=== Section Start ===

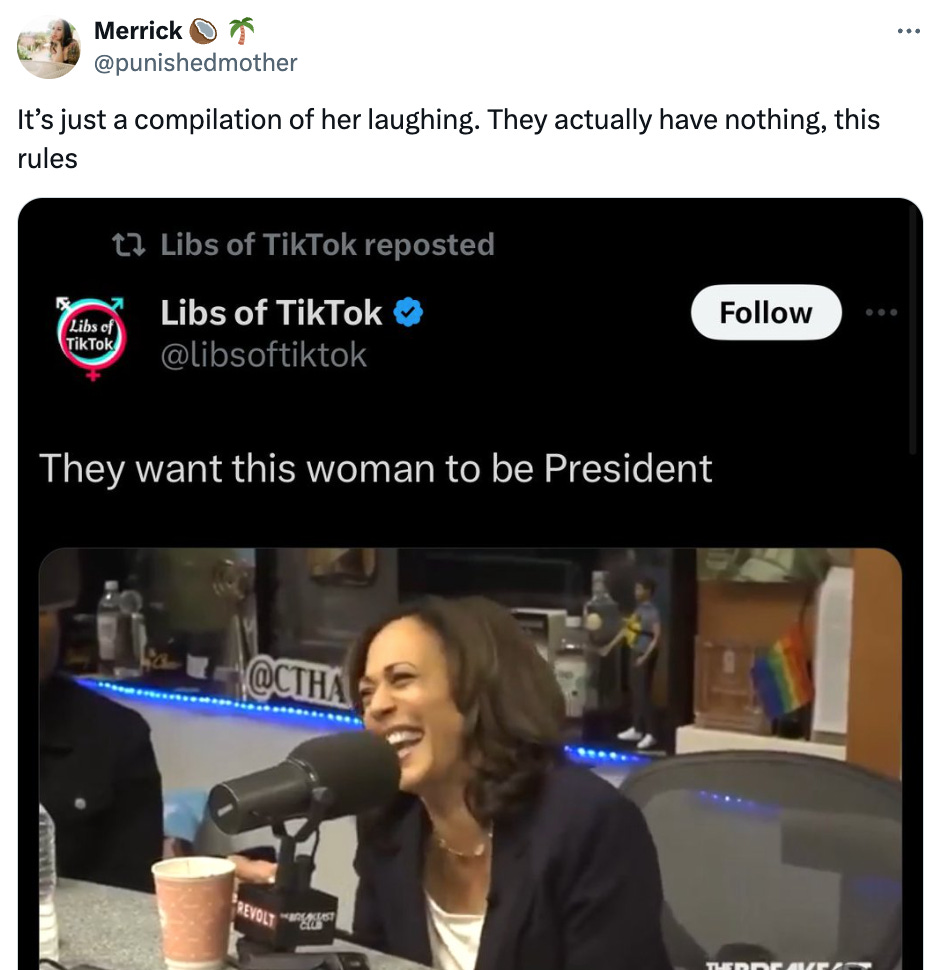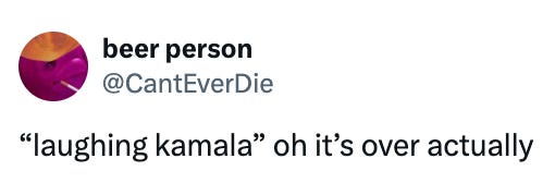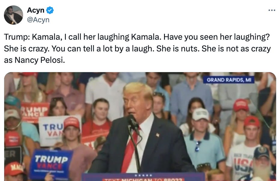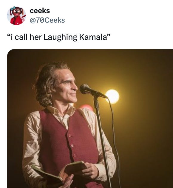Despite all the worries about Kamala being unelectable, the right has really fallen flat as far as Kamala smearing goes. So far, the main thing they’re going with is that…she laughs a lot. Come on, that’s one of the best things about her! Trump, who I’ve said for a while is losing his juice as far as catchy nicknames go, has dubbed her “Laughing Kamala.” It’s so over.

=== Section End ===
=== Section Start ===

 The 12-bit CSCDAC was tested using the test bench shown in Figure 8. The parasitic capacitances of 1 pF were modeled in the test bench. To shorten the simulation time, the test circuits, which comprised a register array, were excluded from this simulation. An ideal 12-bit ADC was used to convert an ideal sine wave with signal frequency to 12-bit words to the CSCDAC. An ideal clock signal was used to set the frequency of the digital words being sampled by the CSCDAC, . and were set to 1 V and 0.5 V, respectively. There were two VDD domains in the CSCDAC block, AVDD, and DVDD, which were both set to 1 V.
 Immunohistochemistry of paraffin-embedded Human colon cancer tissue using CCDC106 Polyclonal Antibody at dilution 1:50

=== Section End ===
=== Section Start ===

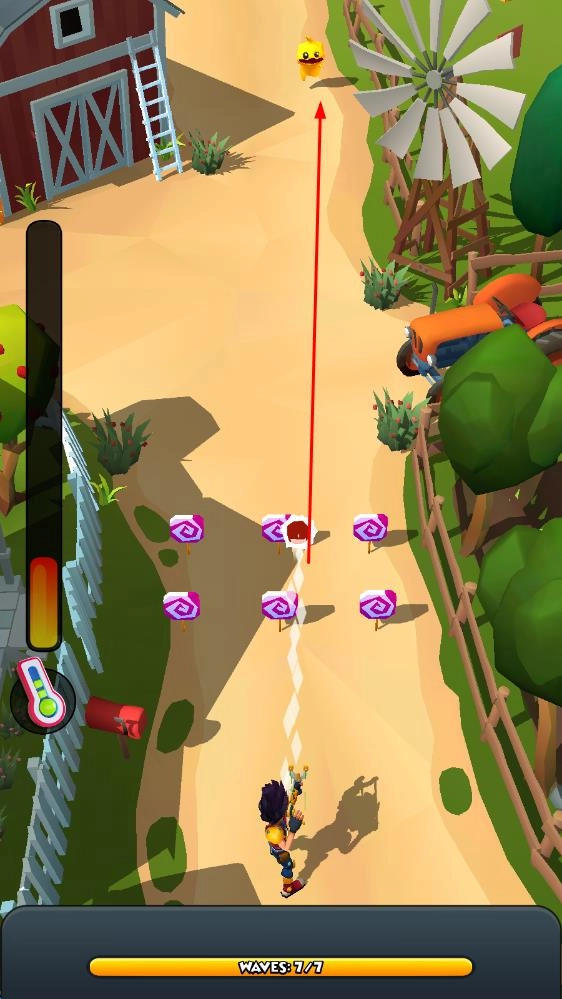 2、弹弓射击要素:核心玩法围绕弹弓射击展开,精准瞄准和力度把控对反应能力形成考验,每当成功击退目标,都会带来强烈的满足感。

=== Section End ===

** Task statement **
Provide the number of lines above containing "using" and nothing else.

** Result of the task **
2